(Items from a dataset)
▼▼▼
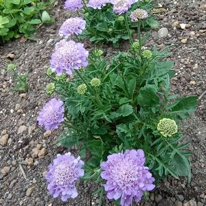 5/2に鉢植えから地植えにした スカビオサブルーバルーン💜 あの蕾が開いてきています🎶 キレイな花色に癒やされます💗 左端の小さなブルーバルーン見えますか? 地植えするときに、 一株を 2つに分けて植えたのですが ポロリととれた小さな🌿も 隣に植えつけました ちっちゃな蕾に「ガンバレ🎶」 と応援📣しています🤭😉
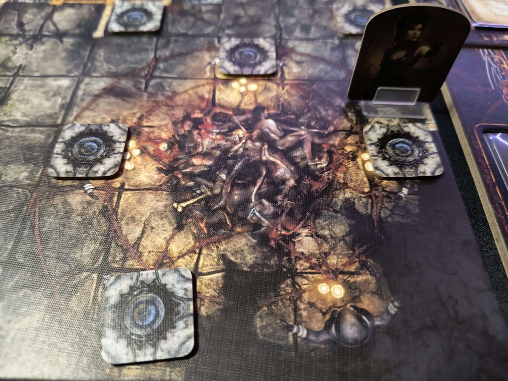 Każde z nas obrało swój pierwszy cel i postanowiliśmy zaatakować z daleka. Pierwsi kultyści padli na ziemię ale ku naszemu zdziwieniu, pozostali nie zaatakowali nas. Zamiast tego zacieśnili krąg i kontynuowali rytuał. Wiedzieliśmy, że czas nie jest naszym sprzymierzeńcem. Ruszyliśmy w kierunku pozostałych trzech i z tymi też udało nam się rozprawić bez większego problemu. Całą ta sytuacja była bardzo dziwaczna.
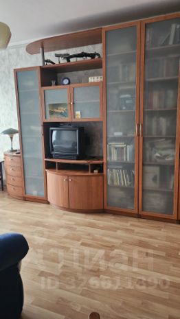 В гостинной большой удобный раскладной диван, стенка для одежды и книг.
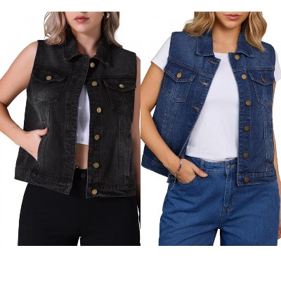 INSPIRE CHIC Women's Sleeveless Turndown Collared V Neck Button Down Waistcoat Denim Vest
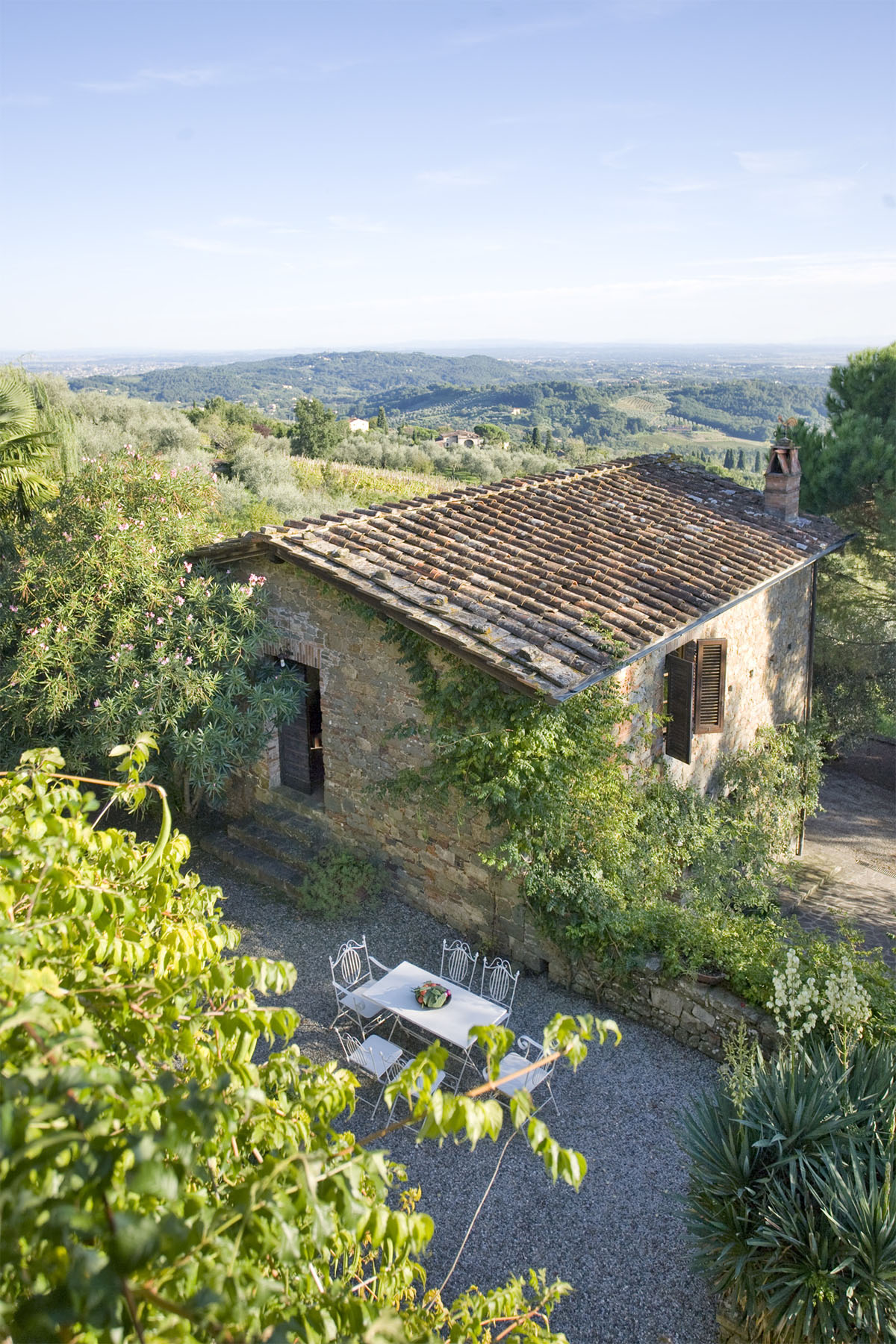 Cette belle propriété est située au milieu d'oliveraies et de vignobles sur les collines à l'est de Lucca. Elle est composée d'une très vielle maison en pierres datant probablement du XIIIe siècle et d'une maison d'amis. Des deux maisons, la vue sur la vallée est magnifique. Une particularité de la maison principale est sa belle loggia ouverte qui offre une vue splendide sur la vallée. Le propriétaire, architecte et designer de profession, a conservé le caractère de la structure d'origine et il a meublée la villa avec du mobilier d'époque. Il l'a également équipée de toutes les commodités modernes pour satisfaire aux besoins des hôtes.
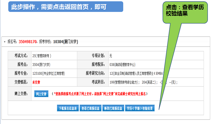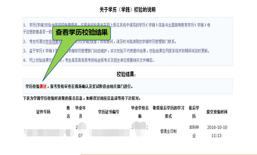 步骤 15:三天内可查看学籍学历检验结果。(学历(学籍)校验涉及到的信息有:身份证号、姓名、毕业年月、学历证书编号、毕业学校名称、取得最后学历的学习形式、最后学历,请考生务必确保填写的信息与实际证件完全一致,如果填写有误,请及时修改。)
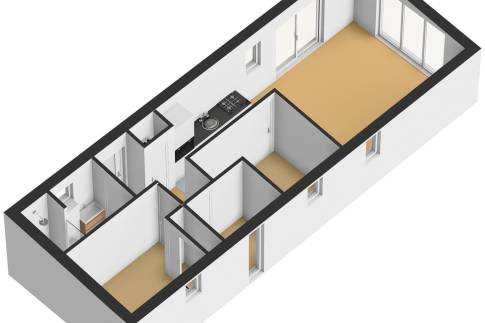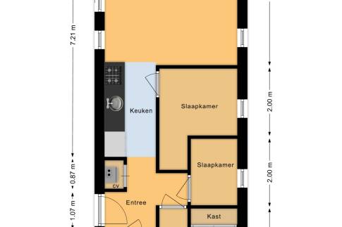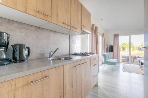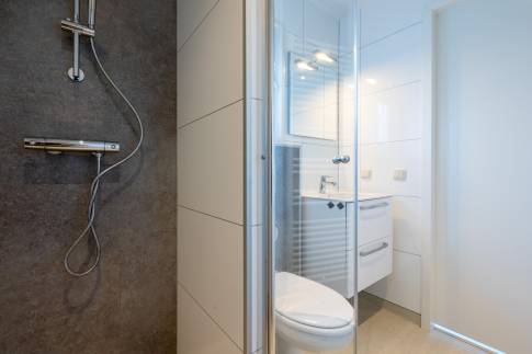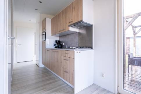 De moderne keuken is voorzien van alle gemakken, waaronder een koel-vriescombinatie, vaatwasser en combimagnetron, ideaal voor zorgeloos zelf koken. De badkamer is praktisch ingedeeld en uitgerust met een douche en toilet.
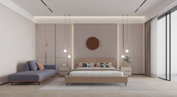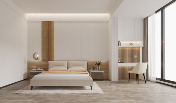 原木色与米灰色自然过渡,赋予空间流动感与质朴感。墙柱隔断,空间布局满足基础功能而不显拥挤。CBD家居·金豹 | J051软床,米色温柔高级,甄选皮质提高整体格调,简约而不质感.
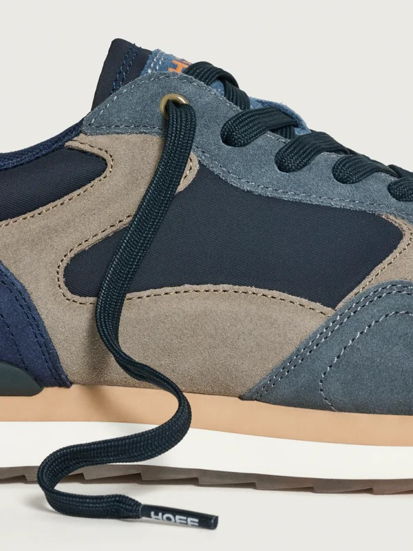 Sneaker de style rétro en combinaison de couleurs et de matières. Détail de logo à l’arrière. Semelle imprimée. Fermeture par lacets.
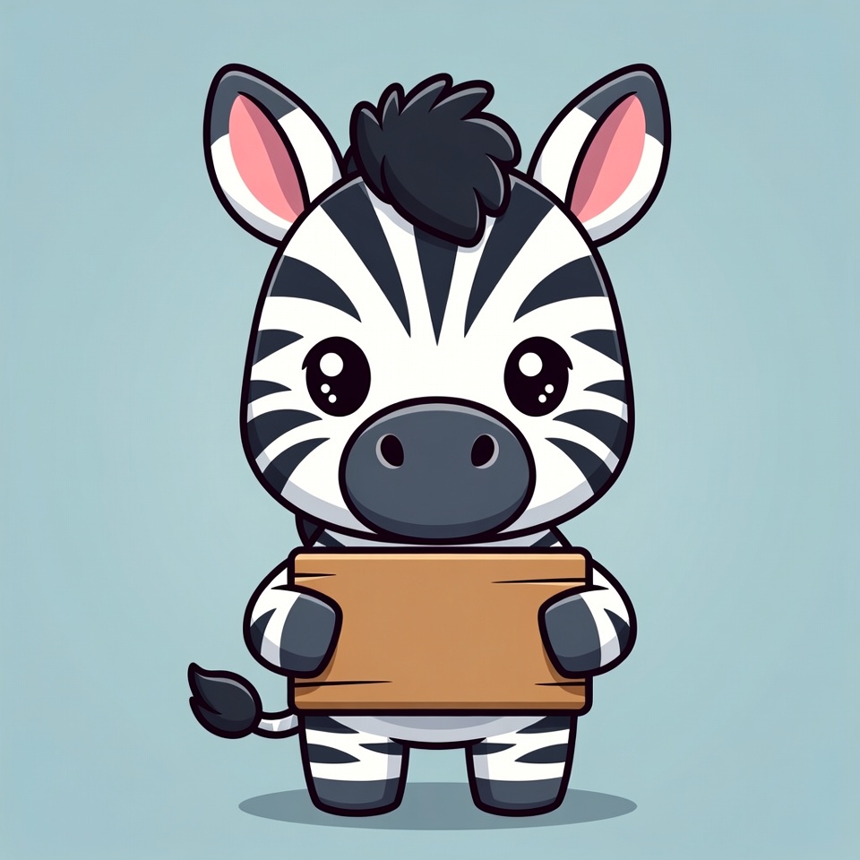 A kawaii-style cartoon zebra with black and white stripes stands on a light blue background. It has large expressive eyes, pink inner ears, and a small black mane. The zebra holds a rectangular brown wooden sign with a blank white surface in its front hooves.
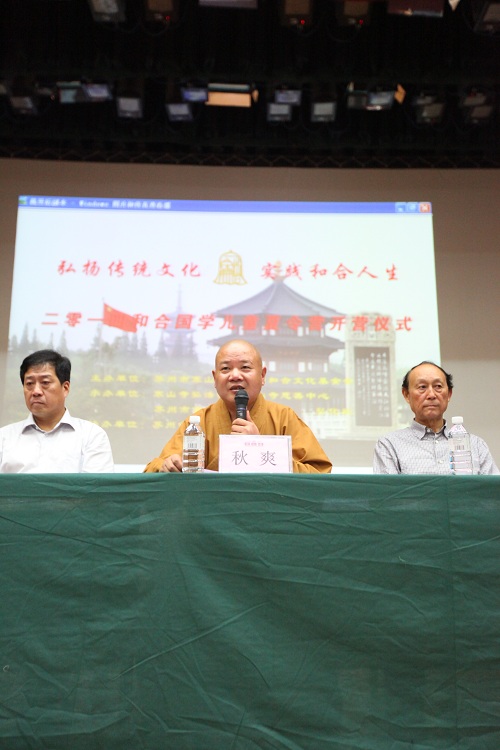 開(kāi)幕式由悟德法師主持,蘇州寒山寺方丈、蘇州和合文化基金會(huì)理事長(zhǎng)秋爽大和尚、蘇州和合文化基金會(huì)秘書(shū)長(zhǎng)吳聲先生、寒山寺文化研究院姚炎祥院長(zhǎng)等分別做了重要講話。此外還邀請(qǐng)了志愿者及營(yíng)員代表發(fā)言。秋爽大和尚開(kāi)示時(shí)指出:“舉辦此次兒童夏令營(yíng),主要是為了讓孩子們接觸傳統(tǒng)文化,認(rèn)識(shí)和合思想,感受?chē)?guó)學(xué)智慧,培養(yǎng)孩子們謙恭禮讓?zhuān)卸飨Ц?,慈?ài)孝順之心?!?/div>
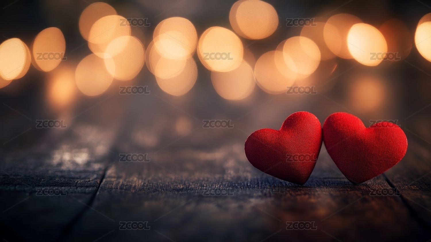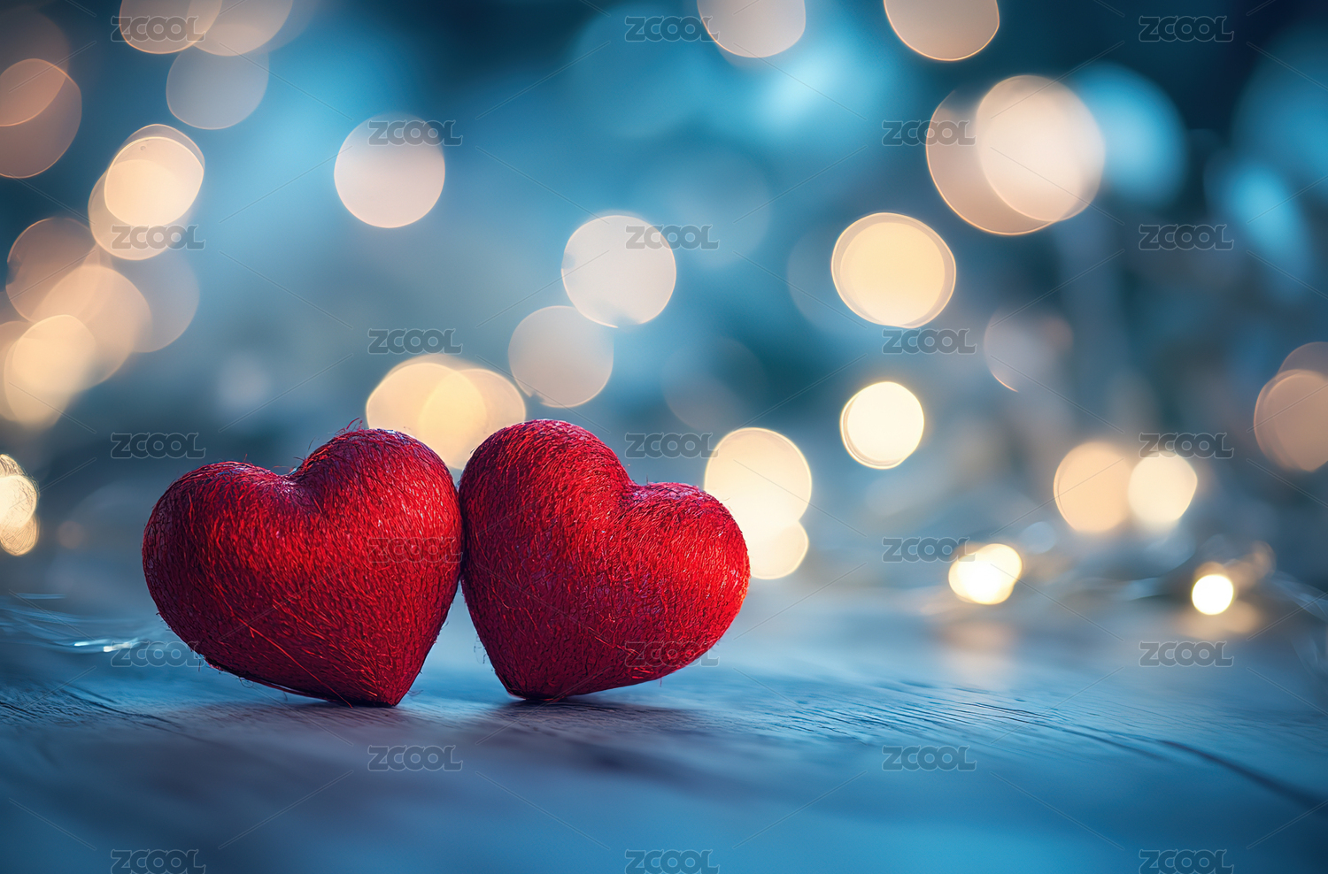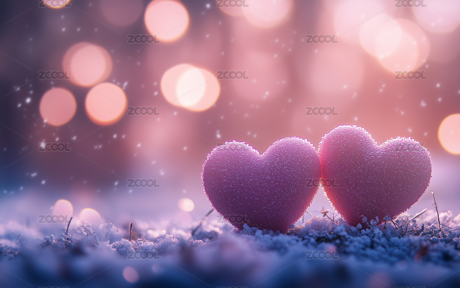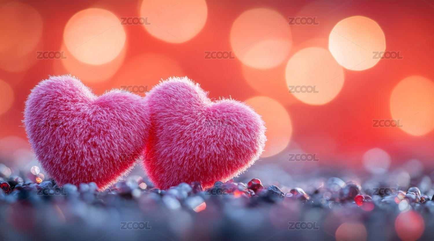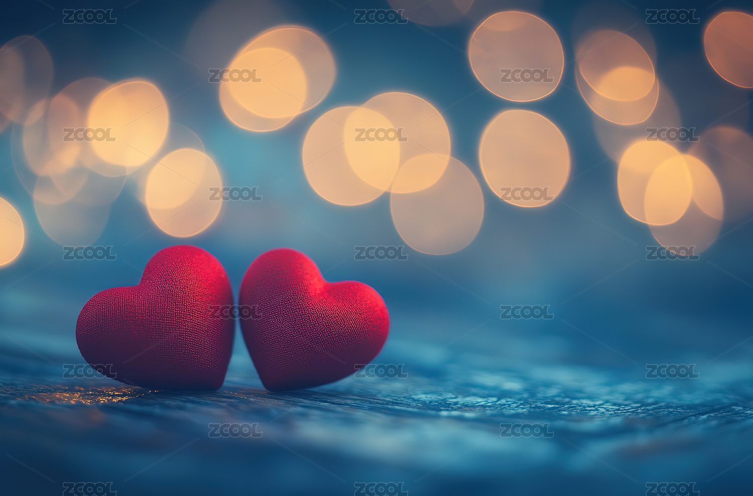 两颗红色闪粉心形并排置于银色闪亮背景上
▲▲▲
- _The task_: Nothing outside the stretch above, from the line with "步骤 15:三天内可查看学籍" through the line with "A kawaii-style cartoon", is set down. Transcribe that stretch exactly, ends included, but not its pictures.

- _Final answer_:
 步骤 15:三天内可查看学籍学历检验结果。(学历(学籍)校验涉及到的信息有:身份证号、姓名、毕业年月、学历证书编号、毕业学校名称、取得最后学历的学习形式、最后学历,请考生务必确保填写的信息与实际证件完全一致,如果填写有误,请及时修改。)
 De moderne keuken is voorzien van alle gemakken, waaronder een koel-vriescombinatie, vaatwasser en combimagnetron, ideaal voor zorgeloos zelf koken. De badkamer is praktisch ingedeeld en uitgerust met een douche en toilet.
 原木色与米灰色自然过渡,赋予空间流动感与质朴感。墙柱隔断,空间布局满足基础功能而不显拥挤。CBD家居·金豹 | J051软床,米色温柔高级,甄选皮质提高整体格调,简约而不质感.
 Sneaker de style rétro en combinaison de couleurs et de matières. Détail de logo à l’arrière. Semelle imprimée. Fermeture par lacets.
 A kawaii-style cartoon zebra with black and white stripes stands on a light blue background. It has large expressive eyes, pink inner ears, and a small black mane. The zebra holds a rectangular brown wooden sign with a blank white surface in its front hooves.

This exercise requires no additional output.